Wouldn't it make more sense to fuse to the total amount of your amp fuses for redundancy? Say for instance in my situation I'm planning on using an eD nine.5 which has a 120A fuse, but eD recommends 0 gauge wire. The amp won't ever need to see 250A so why not just set it for the same amount?


----------



## 89grand (Nov 23, 2006)

0 guage wire is ridiculous for that amp. If that's what ed recommends, they're insane. You're only fusing to protect the car from the wire buring up incase of a short. Just use a fuse that's large enough not to blow from normal operation of the amp. Using the amps fuse rating makes sense.


----------



## ZoNtO (Sep 20, 2005)

89grand said:


> 0 guage wire is ridiculous for that amp. If that's what ed recommends, they're insane. You're only fusing to protect the car from the wire buring up incase of a short. Just use a fuse that's large enough not to blow from normal operation of the amp. Using the amps fuse rating makes sense.

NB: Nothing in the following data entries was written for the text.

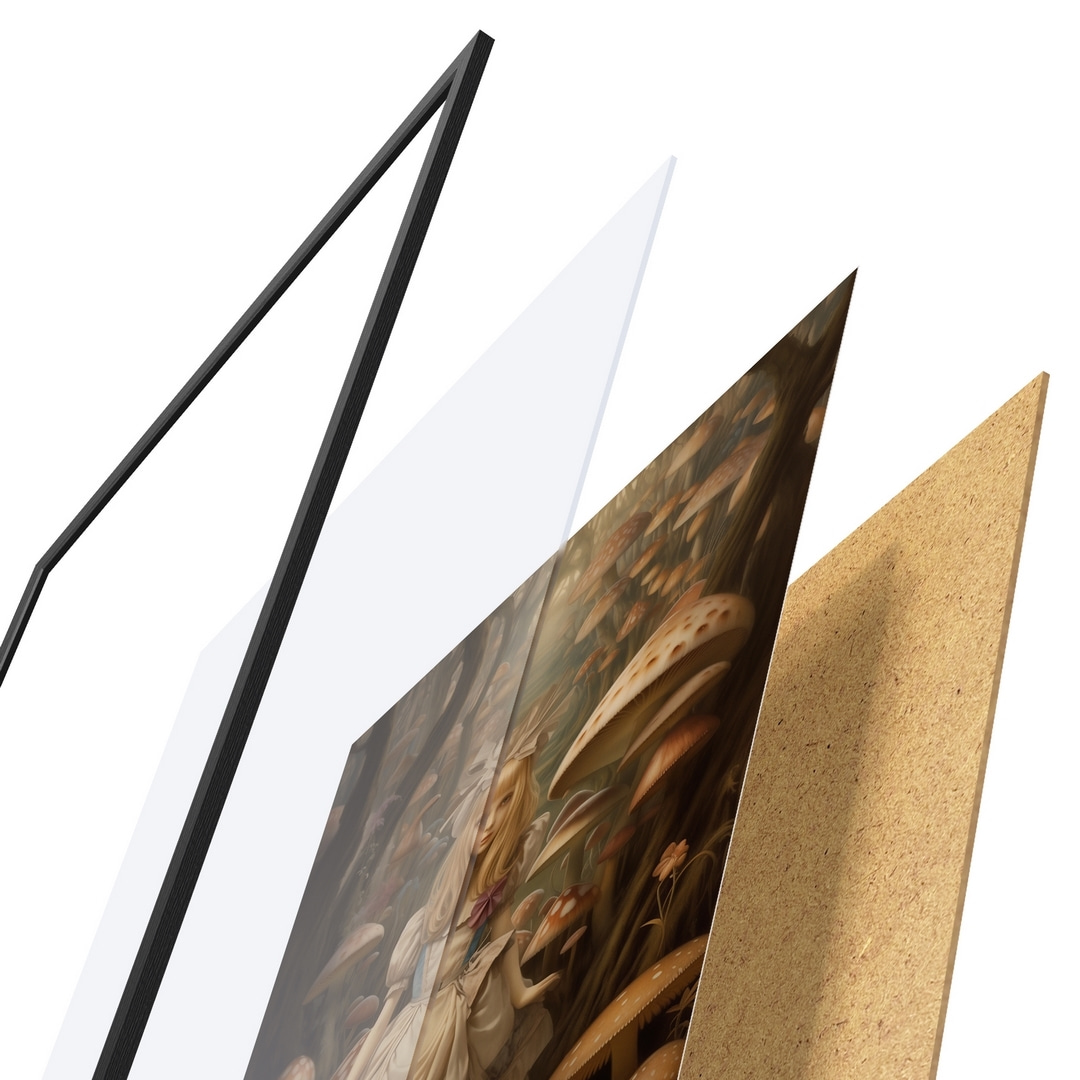 El póster consta de marco, plexiglás, imagen impresa y soporte de aglomerado. El póster puede colgarse inmediatamente en la pared gracias a los soportes de la parte posterior.
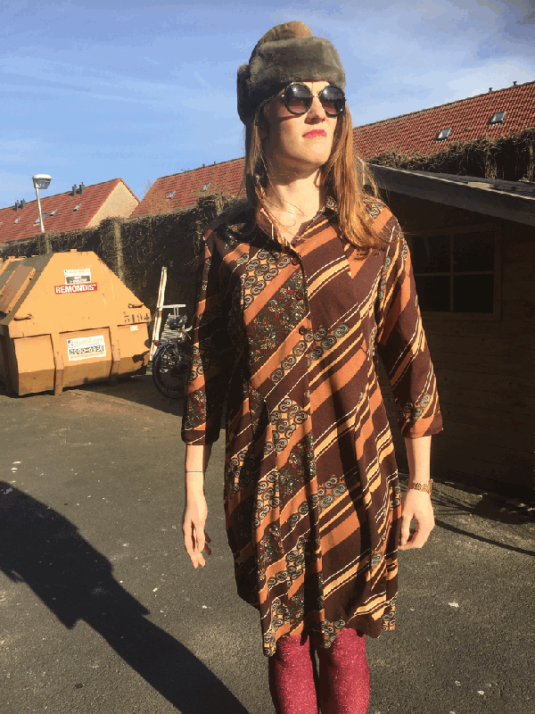 Vintage orginal 70's dress brown M/L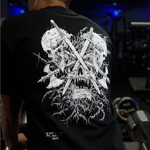 Back features skulls with swords and the saying “To understand pain, you must know pain”

Well not really if you think about it. They give you headroom and good advice for solid operation. Bridging the two front channels and with a 1 ohm load on the sub it would be over 1300W at 12.5v. Assuming a 15-17 foot wiring run, 0 awg would make sense in that case wouldn't it?

Those little charts based on wire length and power run really are quite helpful, and for the majority of installs that I've checked on they recommend 2 gauge for optimum results which basically means 0 awg from an availability standpoint.


----------



## 89grand (Nov 23, 2006)

The problem I have with those charts and the people recommending huge wire is that even if this 5 channel amp _could_ produce a total of 1300 watts...it never will while listening to music. I'd be willing to bet that even during what is perceived as loud peaks, the amp isn't drawing even half of the maximum current it could. 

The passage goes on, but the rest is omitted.